Joseph Masco, "Mutant Ecologies: Radioactive Life in Post-Cold War New Mexico," in The Nuclear Borderlands: The Manhattan Project in Post-Cold War New Mexico (Princeton University Press, 2006), 289-327.
Week 11:
WRITING WORKSHOPS
Week 12: Policing the U.S.-Mexico Border
Kelly Lytle-Hemandez, "The Early Years," Migra! A History of the US Border Patrol (California, 2010), 19-44.
Timothy Dunn, "Operation Blockade/Hold-the-Line: The Border Patrol Reasserts Control," in Blockading the Border and Human Rights: The El Paso Operation that Remade Immigration Enforcement (University of Texas Press, 2009), 51-96.

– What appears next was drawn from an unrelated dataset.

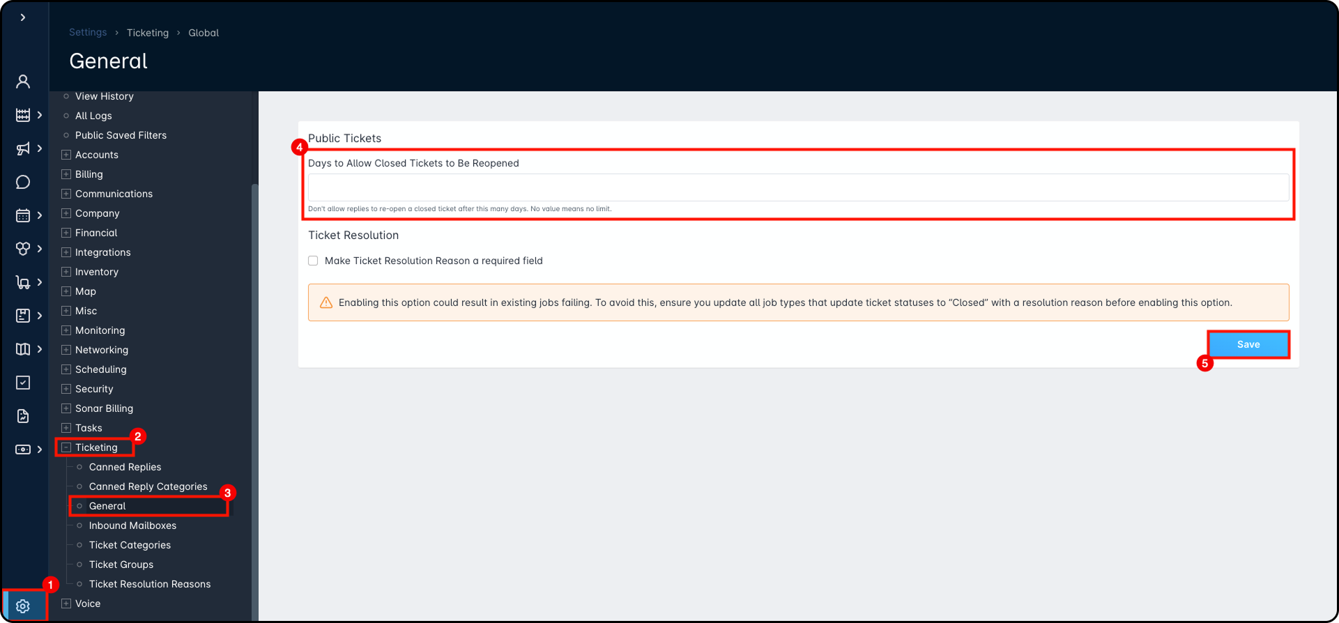 This setting applies to inbound email tickets only and lets you define how many days a ticket must remain closed before an email reply will stop reopening it (portal ticket workflows are not affected).

Week 13: Policing the U.S.-Mexico Border II
Peter Andreas, "The Escalation of Drug Control," in Border Games: Policing the US-Mexico Divide (Cornell, 2009), 51-84.
Peter Andreas, "The Escalation of Immigration Control," in Border Games: Policing the U.S Mexico Divide (Cornell, 2009), 85-114.
Week 14: Beyond Borders
Wendy Brown, "Waning Sovereignty, Walled Democracy," in Walled States, Waning Sovereignty (Zone Books, 2010), 7-42.

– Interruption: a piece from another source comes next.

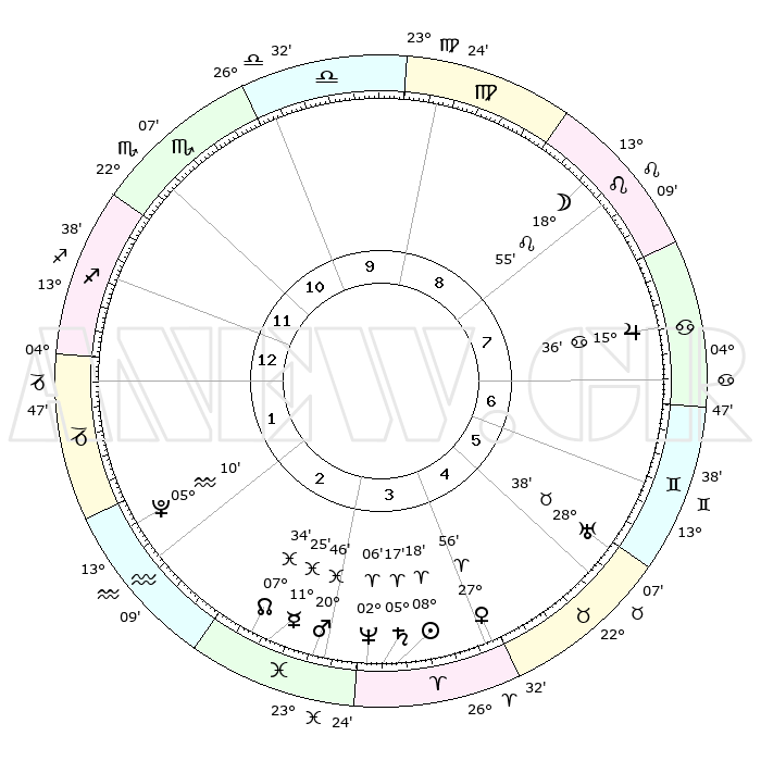 | | ΘΕΣΕΙΣ ΠΛΑΝΗΤΩΝ ΑΣΤΡΟΛΟΓΙΚΟΥ ΧΑΡΤΗ ΤΗΣ ΣΤΙΓΜΗΣ ΑΥΤΗΣ | | | | Πλανήτης | Ζώδιο | Μοίρες | Δεκαήμ. | Σε οίκο | Απόκλιση | | Ακμές των οίκων | | Ηλιος | Κριός | 08°14' | Πρώτο | 4 | 03 N 16 | | 1ος | 12°23' | Τοξότης | | Σελήνη | Λέων | 17°59' | Δεύτερο | 8 | 17 N 12 | | 2ος | 15°33' | Αιγόκερως | | Ερμής | Ιχθείς | 11°22' | Δεύτερο | 3 | 08 S 01 | | 3ος | 23°21' | Υδροχόος | | Αφροδίτη | Κριός | 27°51' | Τρίτο | 4 | 10 N 11 | | 4ος | 29°14' | Ιχθείς | | Αρης | Ιχθείς | 20°43' | Τρίτο | 3 | 04 S 39 | | 5ος | 28°28' | Κριός | | Δίας | Καρκίνος | 15°36' | Δεύτερο | 8 | 22 N 53 | | 6ος | 21°55' | Ταύρος | | Κρόνος | Κριός | 05°17' | Πρώτο | 4 | 00 N 09 | | 7ος | 12°23' | Δίδυμοι | | Ουρανός | Ταύρος | 28°38' | Τρίτο | 6 | 19 N 41 | | 8ος | 15°33' | Καρκίνος | | Ποσειδώνας | Κριός | 02°06' | Πρώτο | 4 | 00 S 22 | | 9ος | 23°21' | Λέων | | Πλούτωνας | Υδροχόος | 05°10' | Πρώτο | 2 | 22 S 48 | | 10ος | 29°13' | Παρθένος | | Β. Δεσμός | Ιχθείς | 07°34' | Πρώτο | 3 | 08 S 44 | | 11ος | 28°28' | Ζυγός | | Ωροσκόπος | Τοξότης | 12°23' | Δεύτερο | | | 12ος | 21°55' | Σκορπιός | | Μεσουράνημα | Παρθένος | 29°13' | Τρίτο | | | |

Saskia Sassen, "Shrinking Economies, Growing Expulsions," in Expulsions: Brutality and Complexity in the Global Economy (Harvard, 2014), 12-79.
Porposed Grading Policy:
Participation (25%)
This is a discussion-based course that depends on active and engaged participation from each student. I expect everyone to come to class having read and contemplated the day's readings (this means not only having read the texts, but also taken notes on them), ready to raise questions and speculate about their importance. Questions to ask yourself in preparation: what did I found particularly surprising? Troubling? Confusing? Inspiring? Bring those reactions to our class discussions!

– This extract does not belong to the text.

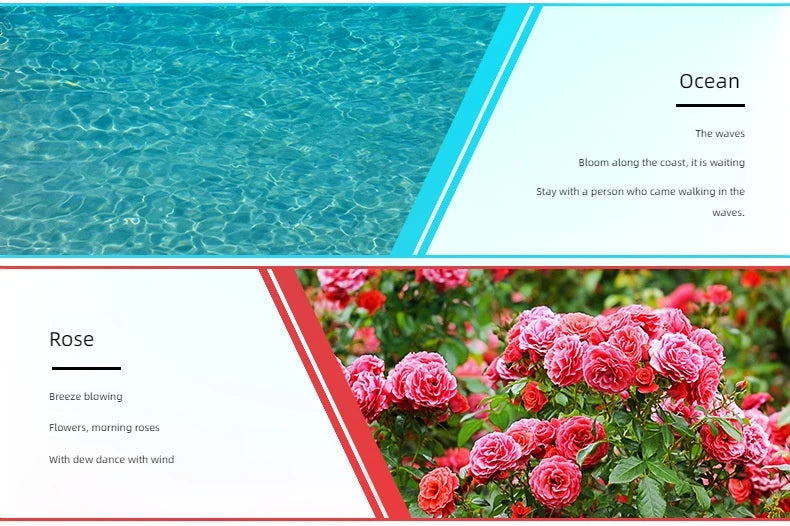 Fragrance: Ocean,Rose aromatherapy essential oil, lily aromatherapy essential oil, mint aromatherapy essential oil, white tea aromatherapy essential oil, sweet orange aromatherapy essential oil, jasmine aromatherapy essential oil, freesia aromatherapy essential oil, marine aromatherapy essential oil, osmanthus aromatherapy essential oil, cherry blossom aromatherapy essential oil, sandalwood aromatherapy essential oil, lavender aromatherapy essential oil, lemon aromatherapy essential oil, vanilla aromatherapy essential oil, ylang-ylang aromatherapy essential oil

Writing Workshop, Paper 1 (25%)
Each student will write a 3-5 page narrative based on a common primary document. We will then hold a writing workshop in class during which students will exchange, read, and comment on each other's work. Since each student will have written on the same document
Paper 2 (25%)
The second paper (5 pages) will be based on original research. Each student is responsible for locating a primary source (a document or physical object written or created during the time under study. These sources were present during an experience or time period and offer an inside view of a particular event that exemplifies how culture influences daily life. Examples include: diaries, speeches, manuscripts, letters, interviews, news film footage, autobiographies, official records, poetry, drama, novels,
music, art, or even pottery, furniture, clothing, buildings, etc.) and then offering a brief (5
minute) presentation to the class that explains its historical context and cultural significance. This paper is designed to apply the skills and best practices generated from the first paper/workshop.
Paper 3 (25%)
The final paper (10 pages) will expand upon the first, incorporating new primary and secondary sources to build both a historical narrative and make a historical argument.
Students will also be required to distill their sources and argument into a presentation at the end of the course.